The question is not whether there is a problem, but how to solve it. Yesterday, in Rucho v. Common Cause, the Supreme Court said: Don’t look at us. In a 2004 decision, the Court had declined to strike down a partisan gerrymander, but it dangled the possibility that it might overturn a more extreme gerrymander in the future. Encouraged, reformers had no trouble finding outrages to challenge. In Rucho, the Court slammed the door against such challenges and locked it. “Partisan gerrymandering claims are not justiciable,” wrote Chief Justice John Roberts for the majority. Translation: Go away and don’t come back. The Court’s four liberals were scathing in dissent.
Why, then, was the Court’s ruling the least bad decision? Three reasons: political, constitutional, and prudential.

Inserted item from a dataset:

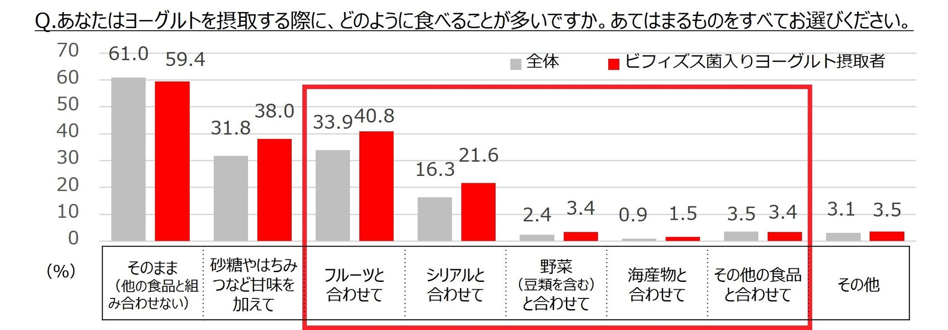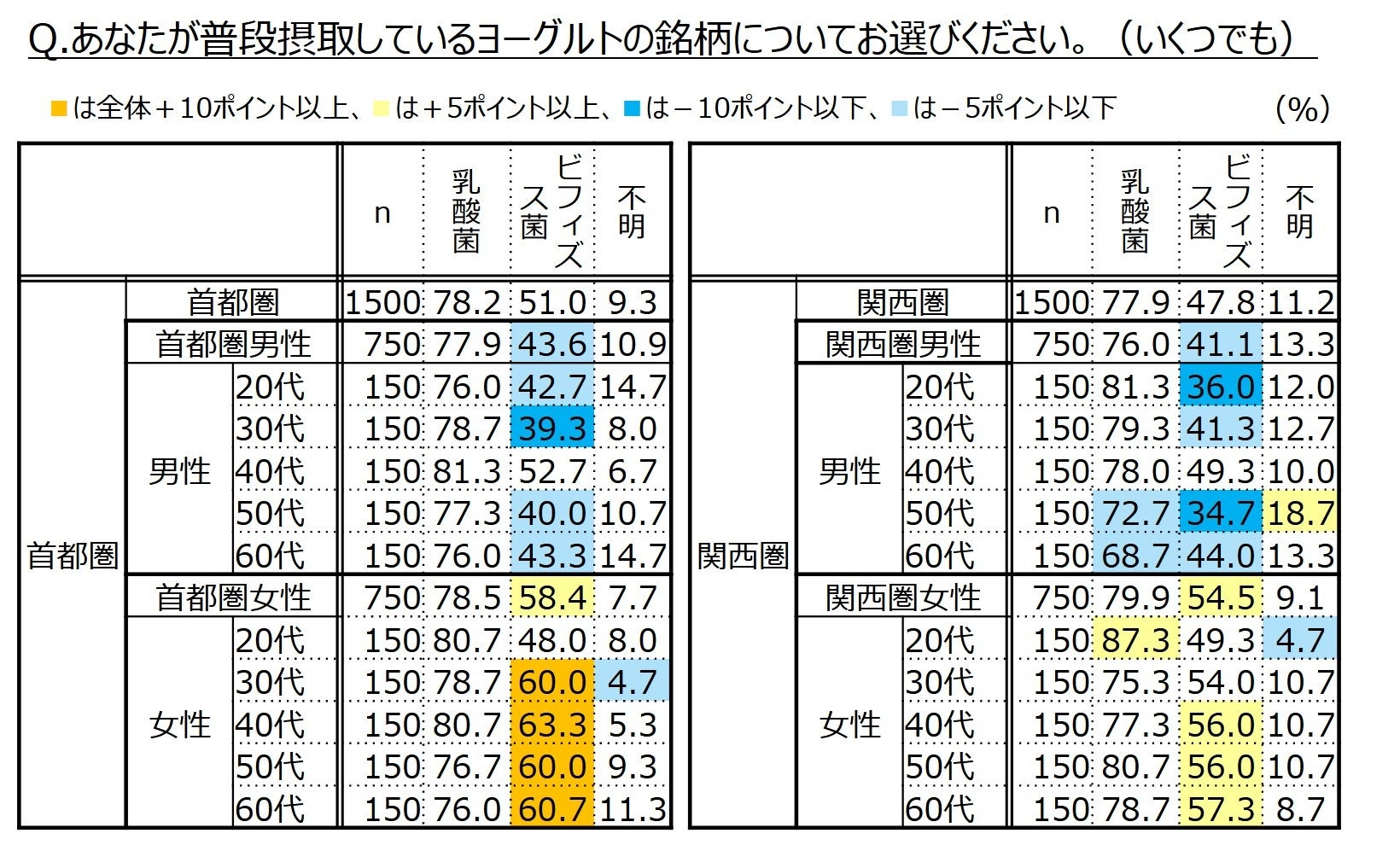 - 1)「ビフィズス菌入りヨーグルト」を摂取している人は49.4%。首都圏女性30~60代では6割超

First, political. Although no one these days has a kind word to say about gerrymandering, it is a hallowed American tradition, dating back to the Founders’ era. When a practice has been around that long, we need to consider the possibility that it may serve a purpose beyond just rigging the system.
And so it does. In the American system, where every federal officeholder except the vice president is independently elected, legislative leaders can lead only if they can give followers an incentive to follow. To hold politicians accountable to one another (which the Constitution does not do), political parties and machines emerged. Their M.O. is to reward loyalists with goodies like pork-barrel spending, campaign money, endorsements, and—most important—easy reelection campaigns. By building safe districts, party leaders are able to protect incumbents who take tough votes on, for example, raising a tax or cutting a popular program. If, in contrast, every seat is always competitive, incumbents will survive by pandering to pressure groups. Reducing political competition is thus not always a bad thing; it can provide political heat shields for hard choices.

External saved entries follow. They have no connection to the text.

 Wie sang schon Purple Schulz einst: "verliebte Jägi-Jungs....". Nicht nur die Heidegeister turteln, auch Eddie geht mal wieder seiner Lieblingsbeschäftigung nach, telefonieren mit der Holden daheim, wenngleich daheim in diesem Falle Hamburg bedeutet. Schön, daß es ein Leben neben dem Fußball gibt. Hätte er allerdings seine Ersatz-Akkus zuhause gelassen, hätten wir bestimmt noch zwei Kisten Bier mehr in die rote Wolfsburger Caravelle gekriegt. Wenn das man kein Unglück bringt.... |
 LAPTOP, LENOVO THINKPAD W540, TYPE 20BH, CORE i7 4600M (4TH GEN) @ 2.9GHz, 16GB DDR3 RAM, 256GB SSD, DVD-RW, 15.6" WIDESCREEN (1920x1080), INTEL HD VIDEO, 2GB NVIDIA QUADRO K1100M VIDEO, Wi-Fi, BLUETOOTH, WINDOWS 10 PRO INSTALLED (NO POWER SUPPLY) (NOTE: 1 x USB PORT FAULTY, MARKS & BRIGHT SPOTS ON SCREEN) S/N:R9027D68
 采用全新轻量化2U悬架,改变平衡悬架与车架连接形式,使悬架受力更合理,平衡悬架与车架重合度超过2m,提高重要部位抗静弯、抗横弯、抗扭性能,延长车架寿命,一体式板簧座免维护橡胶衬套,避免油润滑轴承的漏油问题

The point is not that gerrymandering is always good or always bad, but that gerrymandering is a tool that political leaders can use for good, ill, or some combination of the two. Take away that tool, and government may become even more chaotic and disorganized. We have seen more than enough dysfunction created or exacerbated by well-intentioned reforms already.

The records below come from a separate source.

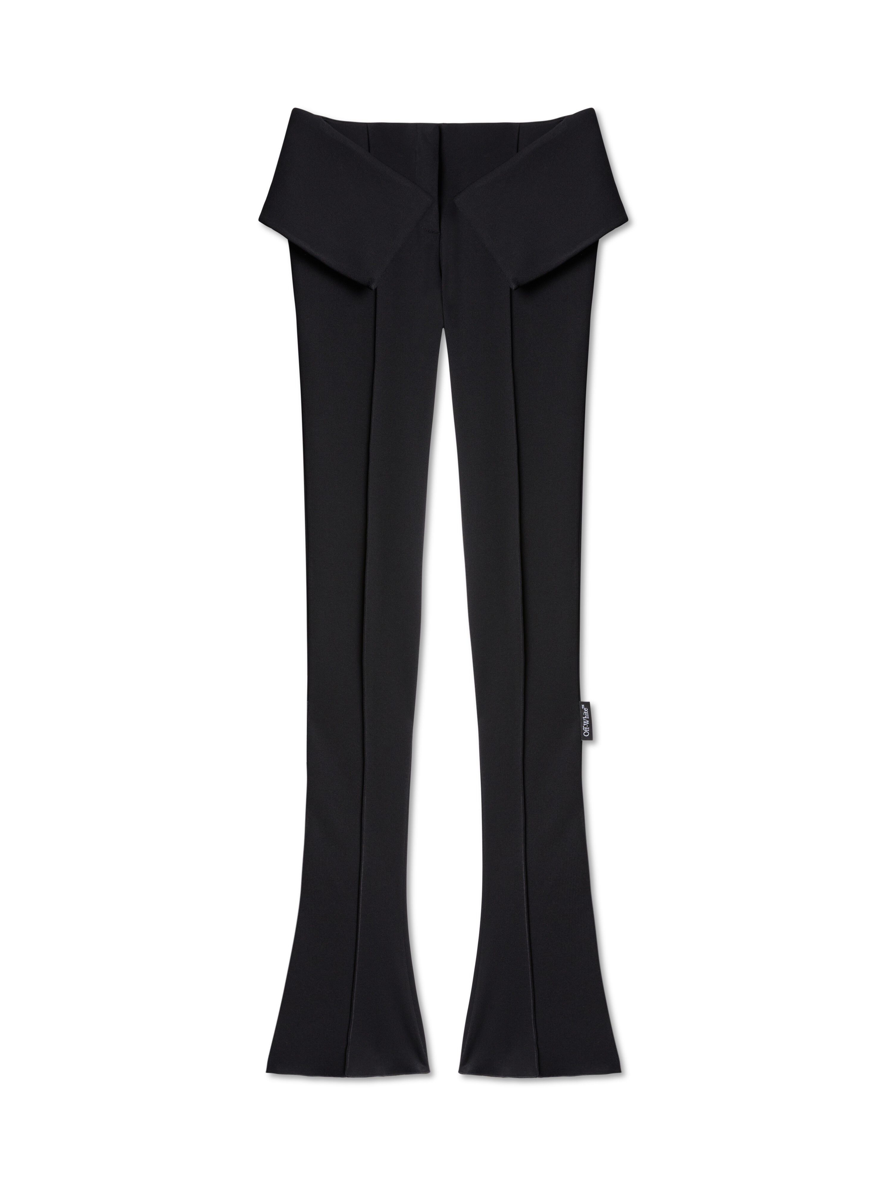 These Off-White™ pants redefine elegance with a bold, avant-garde twist. Crafted in sleek black, the design features an innovative folded waistband that challenges conventional silhouettes, creating a statement look that is both experimental and sophisticated. The tailored fit flows effortlessly into slightly flared legs, adding a touch of urban edge to the minimalist design. A discreet Off-White™ tag on the side nods to the brand’s iconic industrial aesthetic, while the high-quality fabric ensures comfort and durability. Perfect for those who dare to transcend traditional fashion boundaries, these pants are a testament to Off-White™’s commitment to fusing luxury with streetwear and art with pop culture. DETAILS - Code: OWCA18QZ25JER0011000
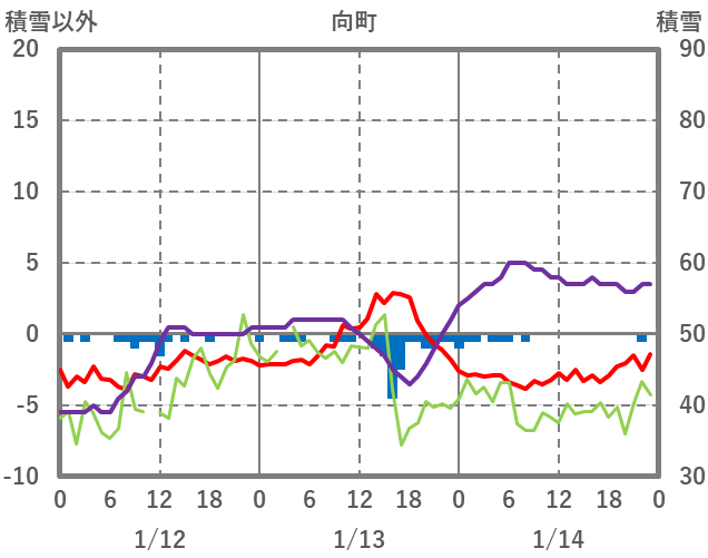 | 日 | 時 | 気温 | 降水 | 風向/風速 | 日照 | 積雪 | 降雪 |
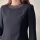 領口是這件上衣的一大亮點,採用圓形設計,並以多層黑色網紗拼接,創造出透明與立體的視覺效果,既增添了設計感,又帶有一絲低調的性感,同時保持整體的優雅氣質。
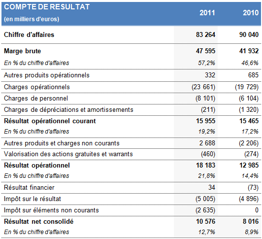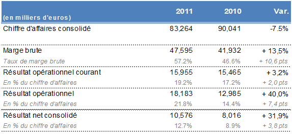 Au cours de l’exercice 2011, la marge brute du Groupe a progressé de 13,5% à 47,6 M€. Elle représente 57,2% du chiffre d’affaires et une progression de 10,6 points par rapport au taux de marge de 2010.
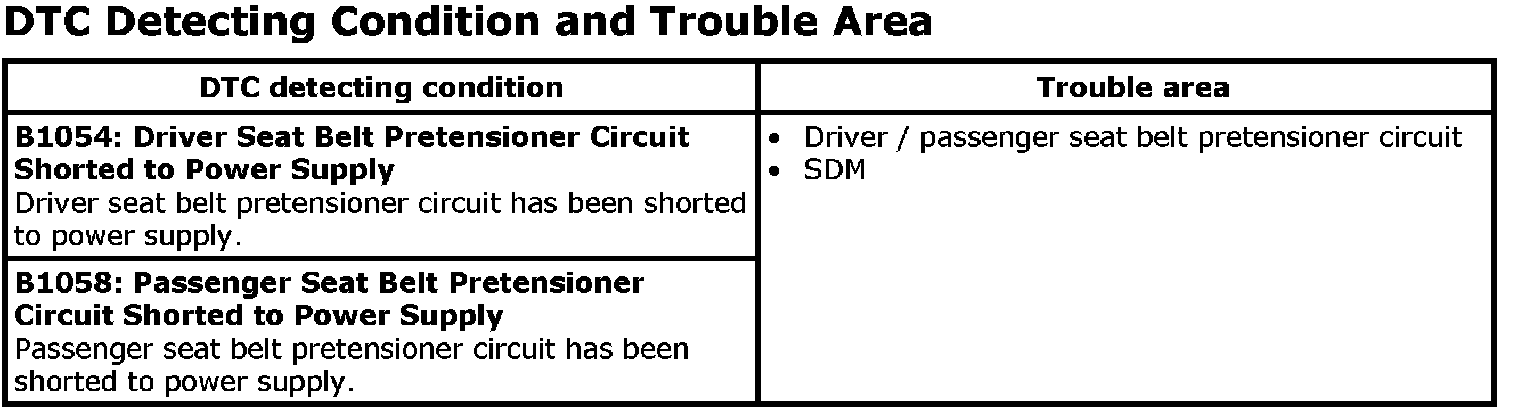 DTC B1054 / B1058DTC Detecting Condition and Trouble Area
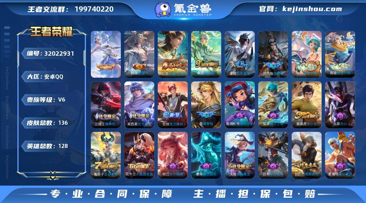 【WZYH923】贵族6/皮肤136/典藏1/传说4/史诗40/英雄128/孙权全皮/敖隐全皮/最初的交响/韩信踏浪归/狄仁杰神骥赴朔漠/鸣野蒿/云霓雀翎/埋骨钱/蒙犽顽岩魄/蔡文姬夏日便利店/虞姬夏日便利店/天穹之誓(s36)/阴阳师/皇家上将/优雅恋人/蔷薇恋人/无心/落雪兰心/魔术师/海滩派对/醍醐杖(s20)/银河之约/云中旅人(s29)/原初探秘者(s21)/五谷丰年/混沌棋(s18)/大漠名商(s28)/疑决卦(s19)/李小龙/擒涛扼浪(s31)/梁祝/玲珑珍味/探海日志(s32)/海盐诗旅(s30)/驭风魔法/江河有灵/古海寻踪(s33)/百解令(蒙犽)/鬼谷子天穹祈灯(S34)/龙武盛年/剑破天穹(s35)/熔金海岸/噬灭天穹(s37)/虚灵犬护/逆浪荇歌/荣光之誓/破空之剑/神迹守卫/傩神司/光弋星穹/往忆晖光/线条小狗-周瑜/线条小狗-小乔/明世隐百晓客/龙之律动/鹰眼统帅/箭羽风息/节奏热浪/功夫厨神/特工魅影/黄金分割率/暗隐猎兽者/乘风破浪/水晶猎龙者/末日机甲-吕布/幽灵船长/圣诞狂欢/金属风暴/女仆咖啡/水果甜心/鬼剑武藏/偶像歌手/未来纪元-赵云/电玩小子/兰陵王雾影缉谜/班班快跑/线条小狗-桑启/苍云破阵/溯影追猎/径山谋武/克喵/布丁狗之约/星梦巡礼/雪境奇遇-西施/敬我三分/经纬探寻者/功夫炙烤/聚星闪耀/妄想特派/劲辣红锅/潮玩探月行/蔚蓝守将/胡桃狂想曲/无双福将/乓乓大师/秘密基地/圆桌骑士(盾山)/次元突破/鲨炮海盗猫/虹云星官/坚韧之力/幻乐之宴/敏锐之力/掌控之力/沉稳之力/功夫老勺/海滩丽影/汉昭烈帝/阿尔法小队/万象初新/万事如意/花好人间/拳王/死亡骑士/黄金武士/时尚教父/玩偶对对碰/白色死神/红桃皇后/大发明家/爱心护理/哥特玫瑰/街头霸王/教廷特使/前尘/孤猎/创世神祝/街头旋风/美梦成真/爱与和平/伊势巫女/加勒比小姐/精灵王/万圣前夜/潮流仙人/异域舞娘/木偶奇遇记

Because the gerrymander is inherently a political tool, courts are poorly equipped to decide when it can be used, by whom, and to what extent. Courts will look for bright lines that don’t exist. They will consider politics too much, or not enough, or they will get the politics wrong. They will sow confusion by issuing vague and sometimes conflicting guidelines. They have tunnel vision, because they can look only at the facts of the case before them and at the legal precedents that apply. And with their unelected, life-tenured positions, they will not be politically accountable for the results. The one foreseeable result of turning judges into redistricting referees is that the results will be unforeseeable. Whatever those results may be, they will have the force of the Constitution behind them, making them difficult to reverse.